0
votes

I am using xdmp:document-filter(doc(uri)) to fetch the metadata from the documents. When I run this command on one of the documents I get the following result:-

xdmp:document-filter(doc("/Vision.doc"))//*:meta[@name eq "Creation_Date"]/@content

<?xml version="1.0" encoding="UTF-8"?>
<results warning="attribute node">
  <warning warning="attributes cannot be root nodes" content="17-05-2012 00:48:00"/>
</results>

And when I run this command on another document then I get this:-

<?xml version="1.0" encoding="UTF-8"?>
<results warning="attribute node">
  <warning warning="attributes cannot be root nodes" content="2012-06-03T13:45:00Z"/>
</results>

You can see that date format is different in both the outputs. There may be different date formats in documents uploaded in Marklogic Server. But I want to show the creation date of documents in some fixed format (e.g. May 16, 2012). How can I convert the different date formats to a fixed date format ? And also I want to compare these dates to the date entered by the user. The documents matching the search criteria should get returned by the search query. So I have two questions here:-

  1. How to convert creation date of particular documents to some fixed format and to display it in the UI.
  2. How to compare this creation date to the date entered by the user(which is in "mm/dd/yyyy" format) so that I can get the correct result.
2

2 Answers

2
votes

You will have to parse the dateTime value. For example:

let $dt := "17-05-2012 00:48:00"
return
  if ($dt castable as xs:dateTime)
  then xs:dateTime($dt)
  else xdmp:parse-dateTime("[Y01]-[M01]-[D01] [h01]:[m01]:[s01]", $dt)

This will return an xs:dateTime atomic value, which can be compared and displayed in the UI. If you want to support additional formats, you will need to create additional parse "picture" strings so they can also be converted to xs:dateTime. See the documentation on xdmp:parse-dateTime() for more information.

1
votes

As a part of a larger open source project I cooked up a date parsing library that handles at least 20 different formats in 6 different languages. You can also supply your own formats if one is not already defined. It works by feeding it a date as a string in any of the defined formats and returning an xs:dateTime if it was able to successfully parse it. You can find the library here:

https://github.com/marklogic/Corona/blob/master/corona/lib/date-parser.xqy

To use it:

import module namespace dateparser="http://marklogic.com/dateparser" at "date-parser.xqy";

dateparser:parse($filteredDocument//*:meta[@name eq "Creation_Date"]/@content)

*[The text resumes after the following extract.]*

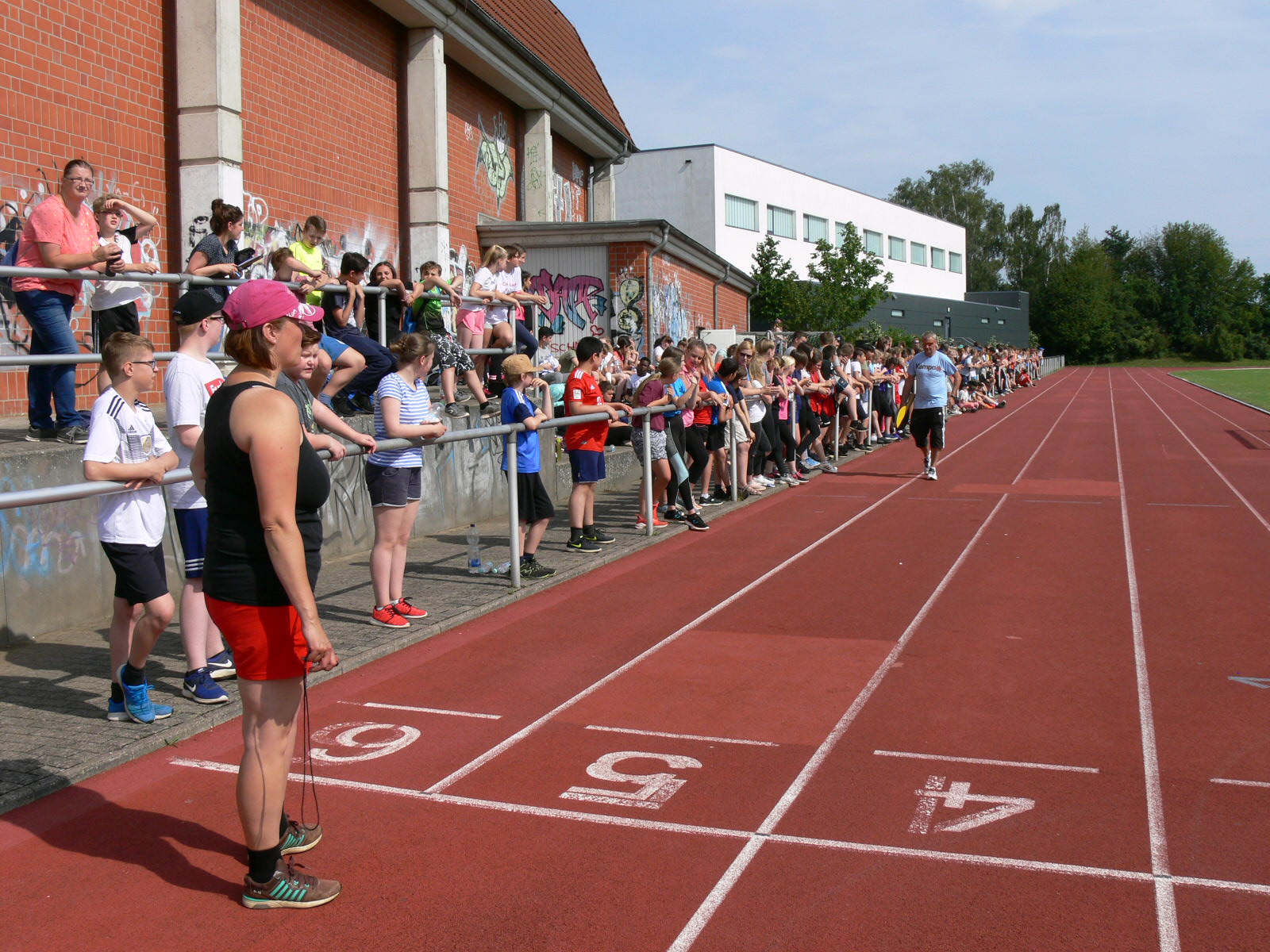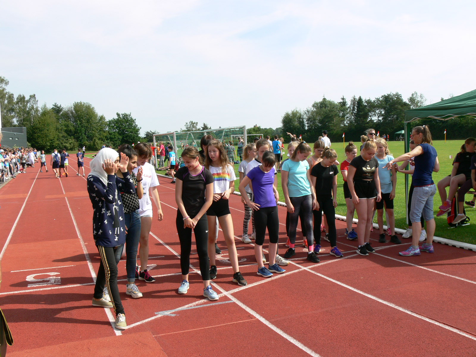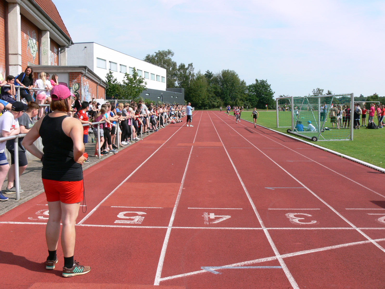 Zum Abschluss schickten sich die besten Läuferinnen und Läufer der einzelnen Jahrgänge an, die 800m (Mädchen) und 1000m (Jungen) Mittelstreckendistanzen zu absolvieren. An dieser Stelle gilt unser voller Respekt gegenüber jedem/ jeder Schüler/in, der/ die sich bei den zunehmenden Temperaturen über die zwei bzw. zweieinhalb Stadionrunden kämpfte.

This will allow you to normalize the various date formats that binary documents can have. I will note that different binary formats (Word, PDF, JPEG, etc) will use different names for the creation date. So just looking for the "Creation_Date" metadata could leave some holes depending on what formats you're storing in MarkLogic.

Also note, that if you just want the date information without the time portion, you can cast the xs:dateTime to an xs:date. Doing so will retain the timezone information which is likely a good thing.

As for your second question…

There is a number of different ways to do this and reading some of the MarkLogic documentation is a good place to start. I'd recommend taking a look at:

http://docs.marklogic.com/guide/search-dev/rangequery

Hopefully that will shed a bit of light on what your query needs to look like. In simplest form you will probably have to first parse the date that the user provided. This can also be done with the date parsing library so users can enter tons of different date formats (eg: November 13th, 2012 or even in Spanish Noviembre 13th, 2012). Then use that parsed date to construct date range queries in MarkLogic.

If that doesn't help I'd post another question here with the specifics of where you're getting hung up.